*TASK TO COMPLETE*: Although the data below holds other lines too, output only those from the line with "结果这一次更离谱了:这块 8 核心的锐龙" up to and including the line with "Our luxury Foulden", exactly as they appear.

*EXTRACTED RECORDS*:
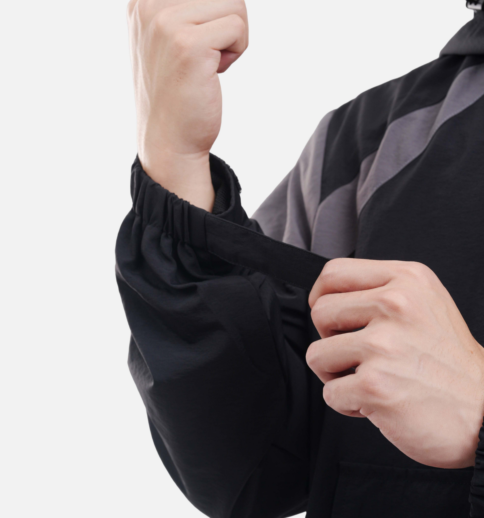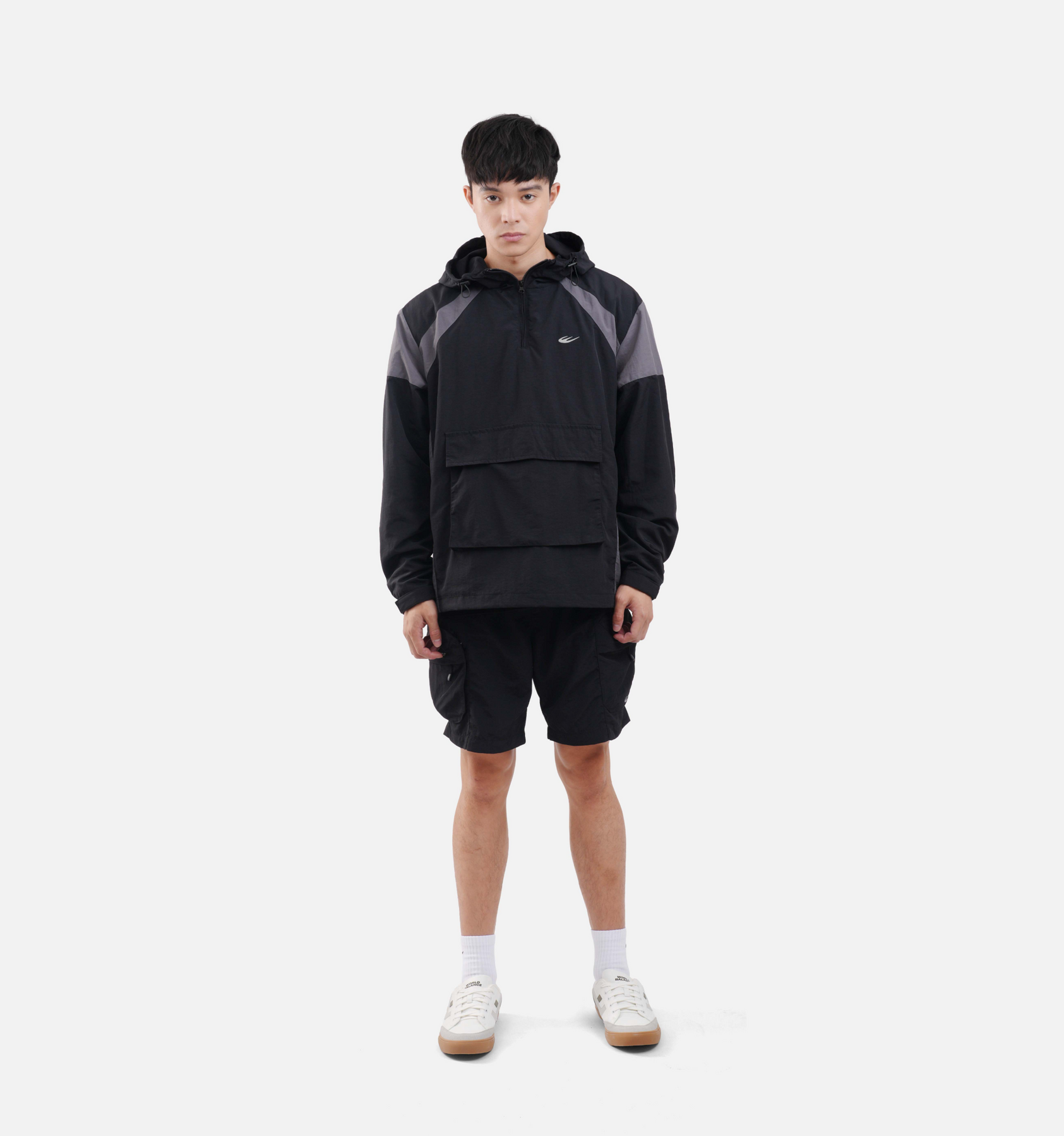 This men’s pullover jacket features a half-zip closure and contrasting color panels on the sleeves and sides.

...

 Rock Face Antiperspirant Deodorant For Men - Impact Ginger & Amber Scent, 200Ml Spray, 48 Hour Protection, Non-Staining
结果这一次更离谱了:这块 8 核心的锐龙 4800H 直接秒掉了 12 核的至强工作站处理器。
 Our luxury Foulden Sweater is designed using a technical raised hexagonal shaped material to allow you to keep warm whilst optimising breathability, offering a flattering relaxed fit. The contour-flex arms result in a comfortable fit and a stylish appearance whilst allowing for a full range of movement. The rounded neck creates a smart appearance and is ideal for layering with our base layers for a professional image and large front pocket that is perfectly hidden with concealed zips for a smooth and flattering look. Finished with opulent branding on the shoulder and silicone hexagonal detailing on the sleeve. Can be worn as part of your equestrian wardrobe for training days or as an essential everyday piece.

*RESPONSE TO THE TASK*:
结果这一次更离谱了:这块 8 核心的锐龙 4800H 直接秒掉了 12 核的至强工作站处理器。
 Our luxury Foulden Sweater is designed using a technical raised hexagonal shaped material to allow you to keep warm whilst optimising breathability, offering a flattering relaxed fit. The contour-flex arms result in a comfortable fit and a stylish appearance whilst allowing for a full range of movement. The rounded neck creates a smart appearance and is ideal for layering with our base layers for a professional image and large front pocket that is perfectly hidden with concealed zips for a smooth and flattering look. Finished with opulent branding on the shoulder and silicone hexagonal detailing on the sleeve. Can be worn as part of your equestrian wardrobe for training days or as an essential everyday piece.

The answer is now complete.